Fiction was my field, or so I thought, but during my MFA studies I’d snatched an opportunity to study with a terrific writer I admired, which necessitated a one-term switch into non-fiction. Frankly I was out of my depth in his class, but I hoped he would goad me into new material. And he did, beginning with the request that I draft a personal essay, with emphasis on the “personal,” knowing that I was wary of memoir (and I still am) and its tendency, when done badly, to slip into whiny self-absorption. My fear of letting him down overruled my skepticism so I wrote about my father; or rather I avoided writing about my father by writing about my father’s primary passion—stamps. After giving invaluable feedback he encouraged me to send it out and eventually I was fortunate to place it in The Gettysburg Review.

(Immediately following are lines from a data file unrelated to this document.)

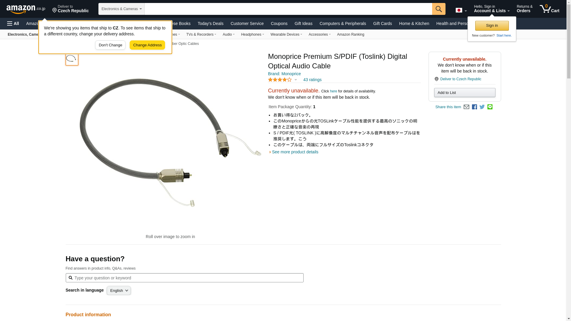 | Feature | Experience superb sonic clarity and accurate musical reproduction with this Optical Toslink cable from Monoprice |
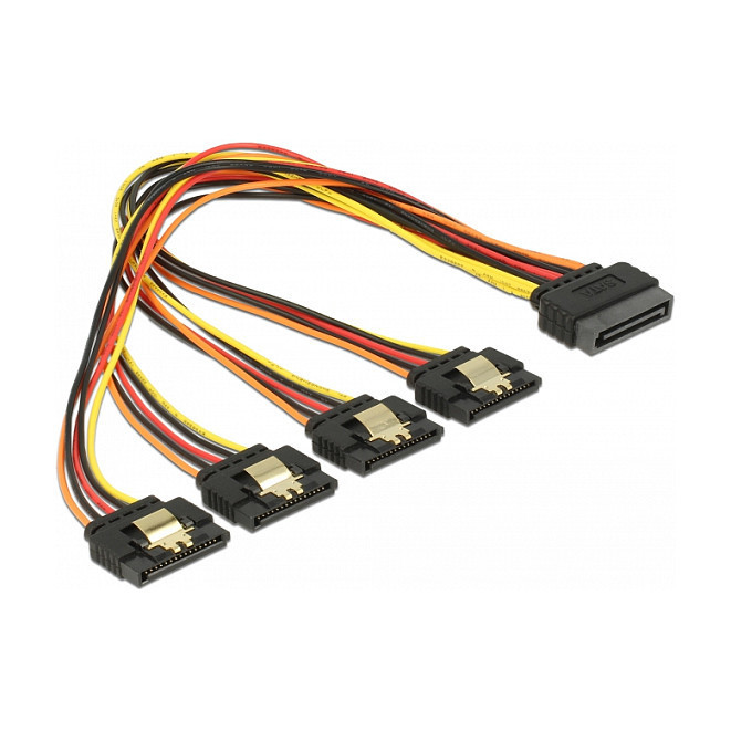 "DeLOCK Cable Power SATA 15pin > 2x SATA HDD – straight. Connector 1: 15pin SATA, Connector 2: 2x SATA, Cable length: 0.15 m"\n"This power cable enables you to connect and supply power to 2 SATA hard disks via one SATA 15pin port of a power supply."
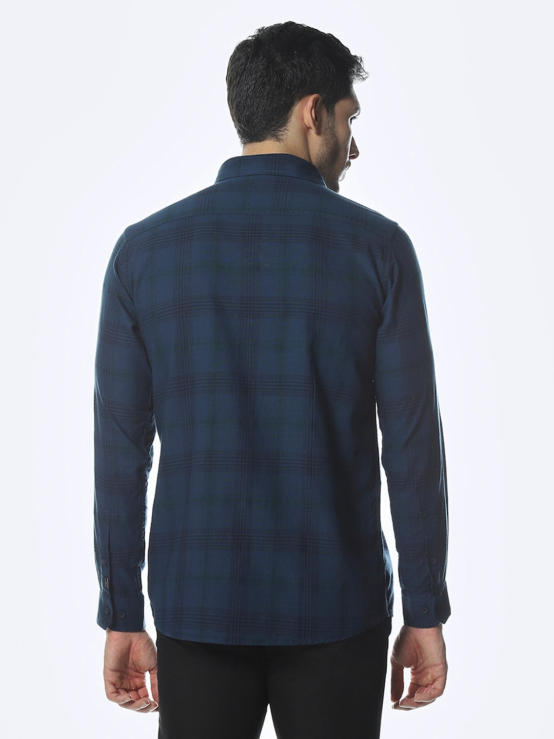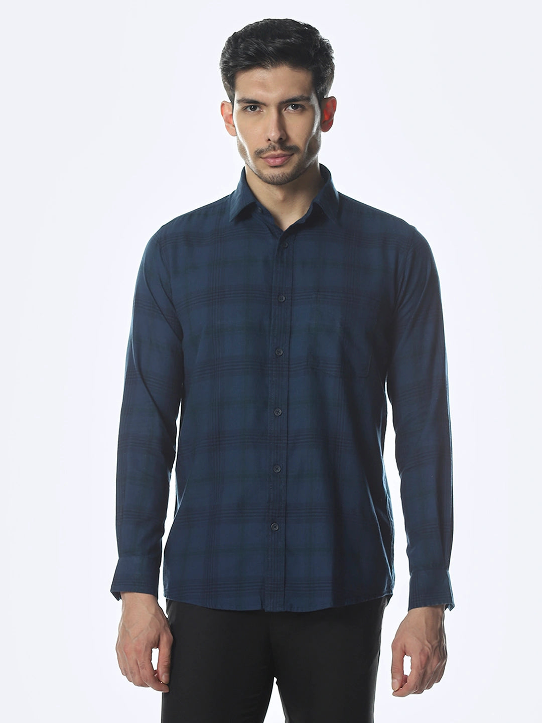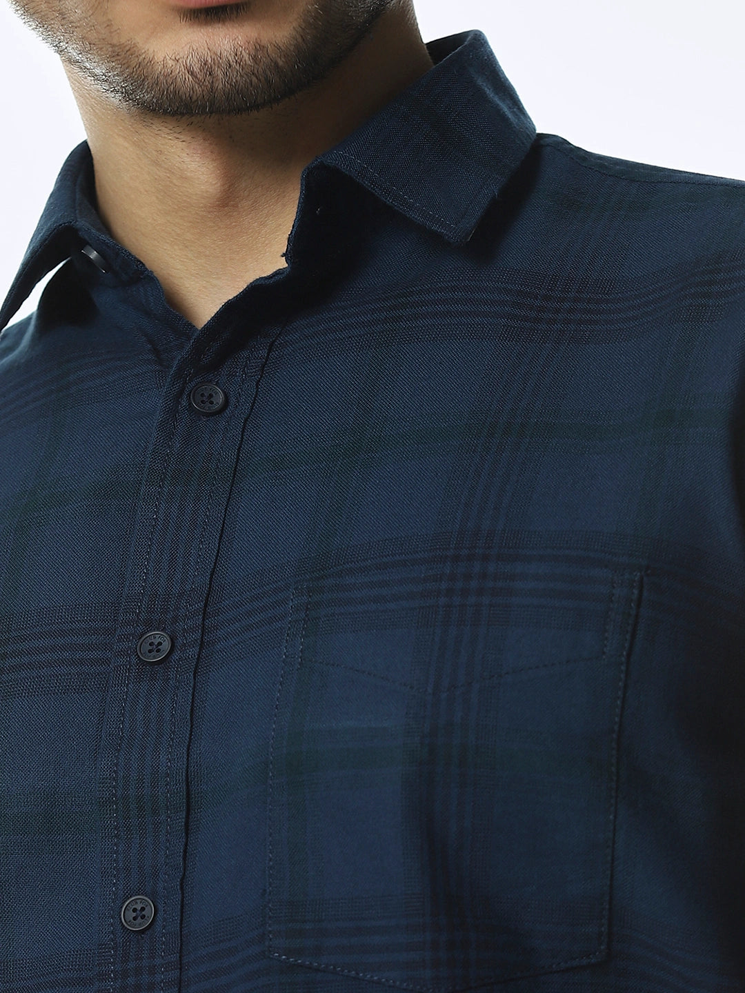Navy Checked Slim Fit Shirt
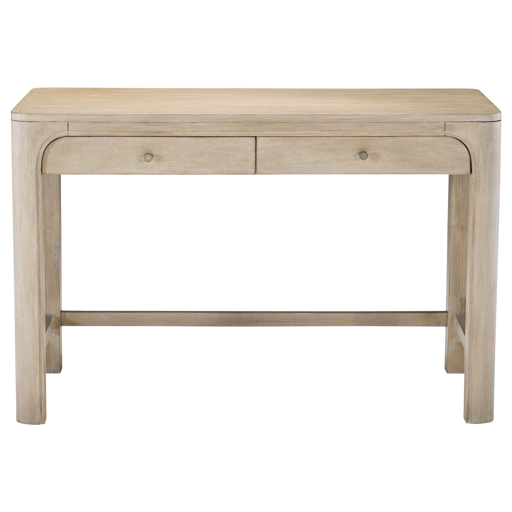 • Vanity desk with sculpted legs and curved edges for a soft, modern makeup table profile

After the Pushcart nothing happened, or at least nothing of any worldly consequence. I drove home with the milk. My family is loyal yet unsentimental—birthday cards are a rarity—and, like the majority of readers, they are oblivious to the small cliquish world of literary journals, prizes, and fellowships. My news was greeted with a shrug. A few agents got in touch but their enthusiasm for short stories proved lukewarm, and as I didn’t have a newly-minted novel manuscript tucked in a sock drawer and had written to date only a single essay (and I sensed their shudders when I pitched a collection), they backed-off, sharpish. An editor approached to ask if I’d consider doing a non-fiction book about philately. We met on a snowy day in New York. This, I thought, may be my Dorothy Parker moment. I felt a bit giddy with the glamour of sitting in a trendy café around the corner from a famous New York publishing house. We had a marvelous, roaming conversation, both aware this was a delightful waste of time as it was obvious I couldn’t give a flying fart about stamps. While we dawdled over our hot chocolate I recalled my final meeting with my thesis advisor, another writer I admired (through a scrim of awe tinged with fear), who had put her hand on my arm and whispered, “Do you have it, Susan? Do you have the fire in your guts? You won’t keep going without it.” I did have it, I realized that now, smiling sheepishly at the very nice editor whom I so wanted to please but knew that I couldn’t. I felt it rekindle in my guts, sparking a fleeting naïve over-confidence that if I rolled up my sleeves and buckled down, as my mentors had often scolded me to, maybe I could write about anything—but that didn’t necessarily mean that I should.
Outwardly the Pushcart changed nothing; inwardly…well, inwardly something shifted, something too subtle to be defined as change, more like a whispered affirmation, as though a question had been answered with a yes. It made me appreciate in retrospect the invaluable benefit of that one-term switch. By stretching my craft muscles and embracing my fears—by being encouraged to attempt essay rather than fiction, memoir rather than reviews—I felt (though likely others registered nothing and neither did my rate of rejections) that my prose had become more malleable, complex, leaner, and I became passionately interested in form, and in the challenge of melding form, organically, with content.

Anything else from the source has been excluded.